Source data: Begin

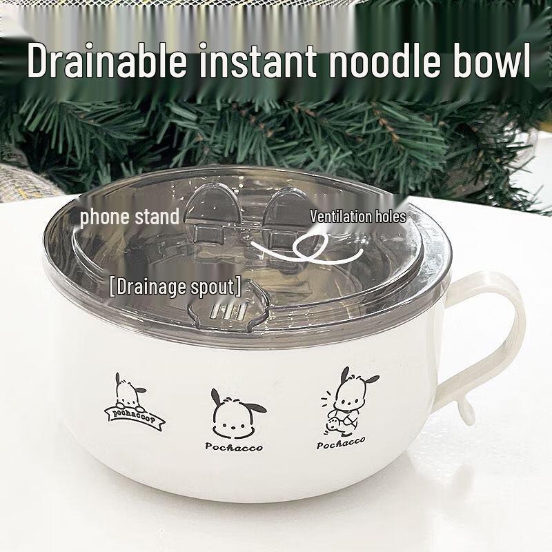 ZISIZ 1000ml Stainless Steel Instant Noodle Bowl with Lid
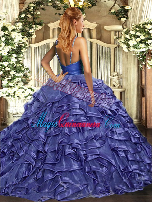 Lavender V-neck Neckline Beading and Ruffles 15 Quinceanera Dress Sleeveless Backless
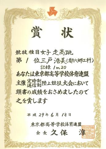 本校からもトラック競技と走り高跳びで生徒が出場し、2年生の三戸浩美さんが見事女子走り高跳びで第1位になり、
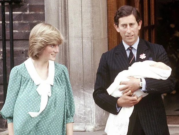 Leaving St Mary’s Hospital with baby Prince William in 1982.
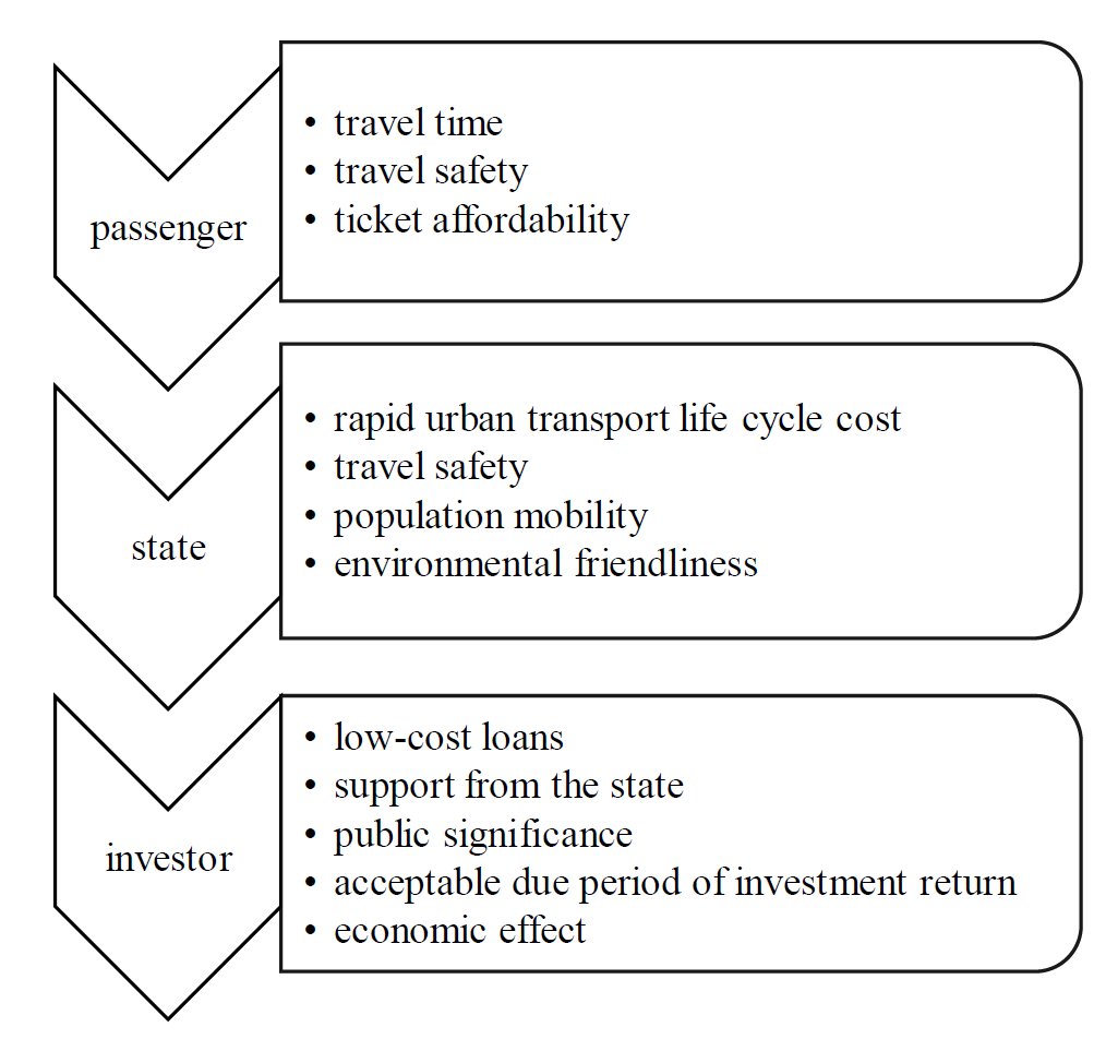 Let us highlight the priorities of choosing urban transport form the standpoint of members of the transport system, that is passenger, state and investor, considering the research [3]. In Fig. 1, the priorities of each of the system’s members are given.
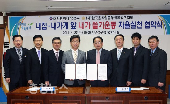 유성구는 27일 구청 중회의실에서 허태정 구청장과 (사)한국음식업중앙회 민병부 유성구지부장 등 양 기관 관계자들이 참석한 가운데 ‘내집․내가게 앞 내가 쓸기운동’ 자율 실천을 위한 협약을 체결했다.
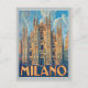 Volte no tempo com este cartão postal de viagens vintage celebrando o fascínio de Milão, Itália. A icônica Catedral de Milão (Duomo di Milano) é alta, a sua intrincada arquitetura gótica foi justaposta contra a vibração contemporânea da cidade. Capturar a essência da rica história de Milão e do talento cosmopolita.
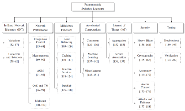 下图显示,可编程网元的研究在网络遥测、性能优化、加速卸载、安全等方方面面都有覆盖。对这一领域感兴趣的读者,也可以将这张提作为开启深入学习研究之旅的导航图。
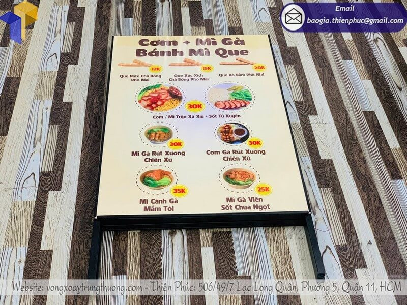 - Trưng bày menu, bảng giá tại quán ăn, quán cà phê
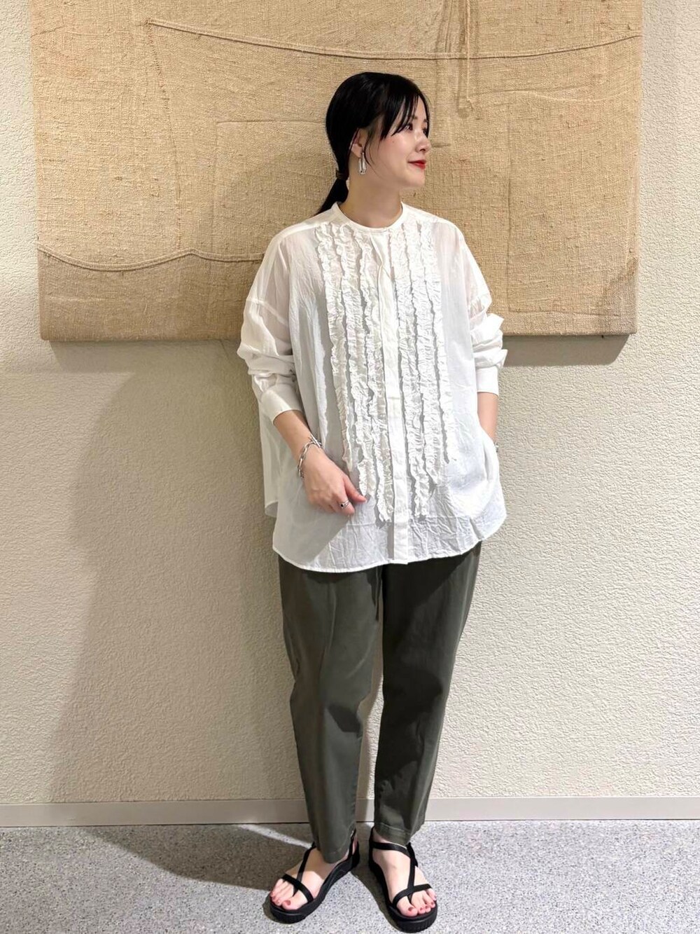 コットンワッシャーフリルワイドシャツ〈OFF〉は、程よく甘さを加えたフリルデザインが印象的な一枚。ワッシャー加工による自然なシワ感が、ナチュラルでこなれた雰囲気を演出します。

Source data: End

_Aim of the task:_
Pictures stay out. Repeat only the lines from the beginning of the data through the line that has "Let us highlight".

_Exercise output:_
 ZISIZ 1000ml Stainless Steel Instant Noodle Bowl with Lid
 Lavender V-neck Neckline Beading and Ruffles 15 Quinceanera Dress Sleeveless Backless
 本校からもトラック競技と走り高跳びで生徒が出場し、2年生の三戸浩美さんが見事女子走り高跳びで第1位になり、
 Leaving St Mary’s Hospital with baby Prince William in 1982.
 Let us highlight the priorities of choosing urban transport form the standpoint of members of the transport system, that is passenger, state and investor, considering the research [3]. In Fig. 1, the priorities of each of the system’s members are given.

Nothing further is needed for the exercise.